Commanders and leaders
- Sawas Mahamad: Phraya Phahon Plaek Phibunsongkhram
- Casualties and losses: Sawas Mahamad †

= Rebellion of the Sergeants =

August 1935 coup attempt in Thailand

The Rebellion of the Sergeants was a military coup attempt against the government of Phraya Phahon by a group of army sergeants, led by Sawas Mahamad on 3 August 1935, but the plot was leaked. Sawas was executed and twelve plotters were sentenced from sixteen years to life imprisonment.

==Coup plot==
In March 1935, King Prajadhipok announced his abdication while still in Europe, the new nine-year-old king Ananda Mahidol was still in Switzerland. A group of army sergeants who in charge of an armory, led by Sawas Mahamad, plotted a revolution plan against the government of Phraya Phahon. The plot started at the 2nd Infantry Division in command of Major Luang Prahanripu, located in current Ministry of Education office. They planned to kill important military officers and government officials, included Pridi Banomyong, and the regent, Prince Aditya Dibabha, to arrest Phraya Phahon and Plaek Phibunsongkhram, and to take over Ministry of Defence Headquarter.

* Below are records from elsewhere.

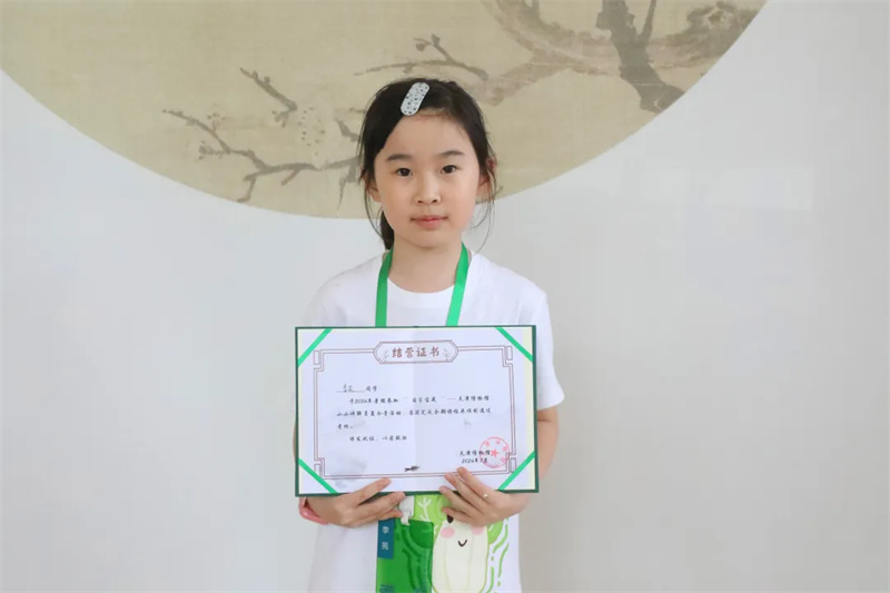 今年是我第二次参加天津博物馆夏令营,依然充满新鲜感,依然收获满满。在这几天里里,无论是介绍展品的仪态手势,还是讲解时的吐字发音,我都受到了老师的专业指导,并且认识了新的展品,交到了新的朋友,和大家在一起学习和玩耍特别开心,每天的活动都丰富多彩,不仅增长了见识,开拓了眼界,还锻炼了动手能力,并且最后还有比较良好的展示。我非常喜欢这个夏令营!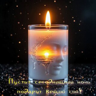 Атмосферная и вдохновляющая открытка с изображением горящей свечи в прозрачном стакане. На поверхности воска проступает сюрреалистичный образ человеческого лица, внутри которого отражается закат над спокойной морской гладью. Фон украшен мерцающими золотистыми искрами, создающими магическую ночную атмосферу. В нижней части изображения расположена красивая надпись на русском языке золотыми буквами: "Пусть сегодняшняя ночь подарит вещий сон!". Идеально подходит для пожеланий доброй ночи, душевного спокойствия и магических снов.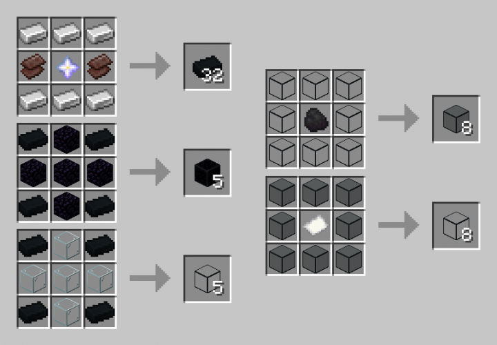 Модификация позволит крафтить особый сплав, с которым можно усиливать обсидиан и блоки стекла. Для изготовления тридцати двух слитков сплава, потребуется шесть слитков железа, два незеритовых лома и звезда нижнего мира. Автор мода: sajeyson |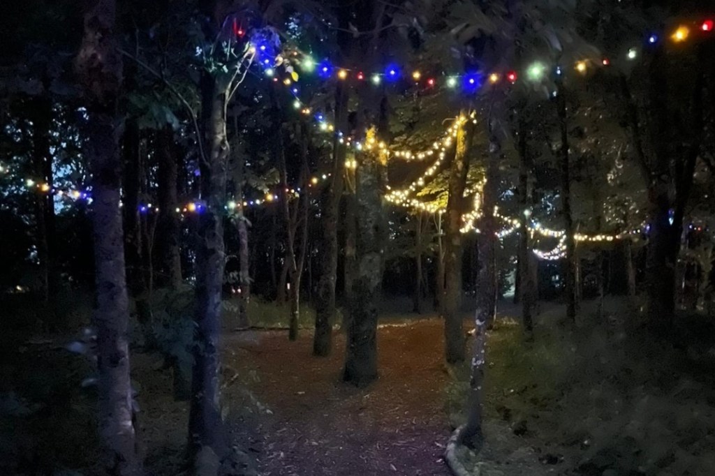 - Dogs welcome, Dog washing area. Large Dog walking area lit with fairy lights at night.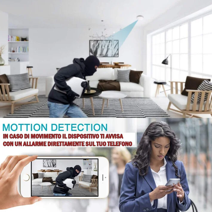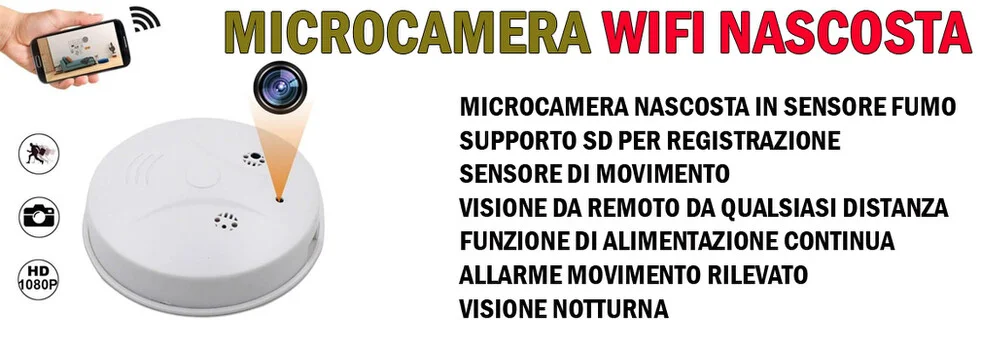 Telecamera nascosta insospettabile, un classico e normalissimo sensore di allarme fumo, che può essere installato in qualsiasi ambiente inquanto un oggetto di uso comune. Il dispositivo viene connesso direttamente a corrente 220V, e lavora alimentato ininterrottamente ciò significa che avrete una controlo 24 ore su 24. Al suo interno vi è installata una micro telecamera tel tipo PIN HOLE dietro un minuscolo foro ed un obiettivo di soli 0,5 mm tale caratteristica la rende totalmente invisibile. La sua installazione a parete o soffitto lo rendono totalmente insospettabile ed indistinguibile. Attraverso un' applicazione dedicata scaricabile sia per telefoni Android che IOS è possibile connettersi ricevendo in diretta Audio e Video anche se distanti centinaia di migliaia di km di distanza, il tutto a portata di telefono, inoltre supporta micro sd per la funzione di registrazione automatica, in modalità continuativa o in modalità sensore di movimento, quindi il MOTION DETECTION ALARM, che permetterà alla telecamera di registrare solo quando nell' ambiente circostante ci siano persone e animali.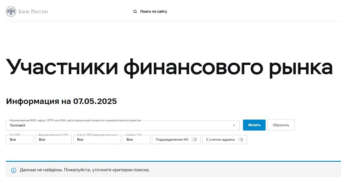 Наш вердикт – доверять бирже Toinhabit не советуем.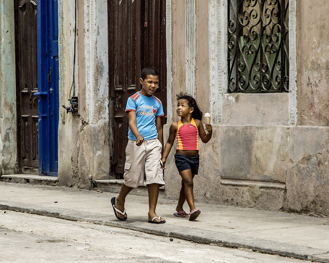 The image stands out for its use of prominent vertical and horizontal lines, which add structure and balance to the composition. The curb stone acts as a compelling leading line, guiding the eye naturally through the scene. I also appreciate the placement of the white vertical element directly behind the girl with the ice cream cone, which helps frame her and adds visual interest.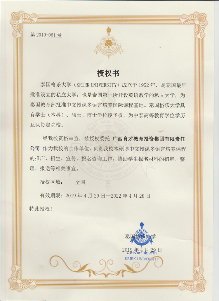 ▲泰國(guó)格樂大學(xué)授權(quán)書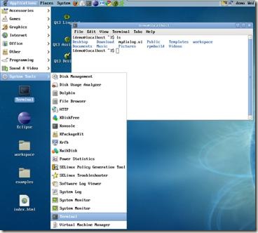 执行系统菜单命令【Applications】--【System Tools】--【Terminal】,打开Terminal终端: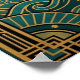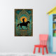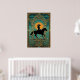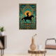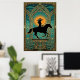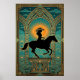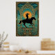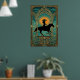 Un hommage architectural majestueux à l'esprit de l'Ouest. Cette œuvre d'art présente une silhouette noire d'une cowgirl chevauchant un cheval, présentée comme un monument au sommet d'un piédestal Art déco orné. Encadré par une arche géométrique de style cathédrale et un sunburst orange vibrant, le ciel de teinte sarcelle foncée est parsemé d'étoiles et de nuages stylisés. Parfait pour un ranch moderne, une étude sophistiquée ou un mur de galerie unique.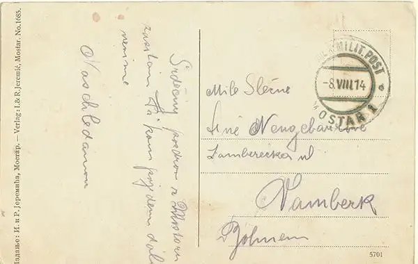 Bemerkungen: Gelaufen 1914, Mostar - Vamberk, Milit. Post.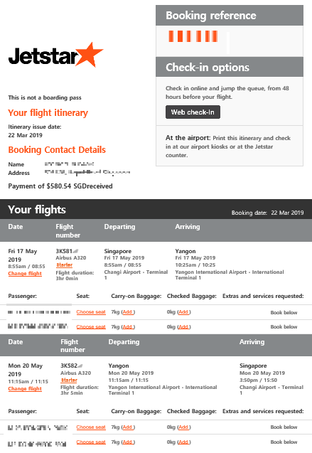 싱가폴에서 양곤까지는 3시간 정도가 걸리고 수화물 미포함 290 SGD (약 237,800원)에 구매했다.

They planned to release political prisoners and force them to join the group. In the end of the plot, they would bring Prajadhipok back to the throne.

==Crushing==
The plot leaked to the government by one of the group of sergeants. The plotters were arrested on 3 August. On 10 August, fifteen plotters were held by the government. The special secret military court conducted trials against around 100 sergeants.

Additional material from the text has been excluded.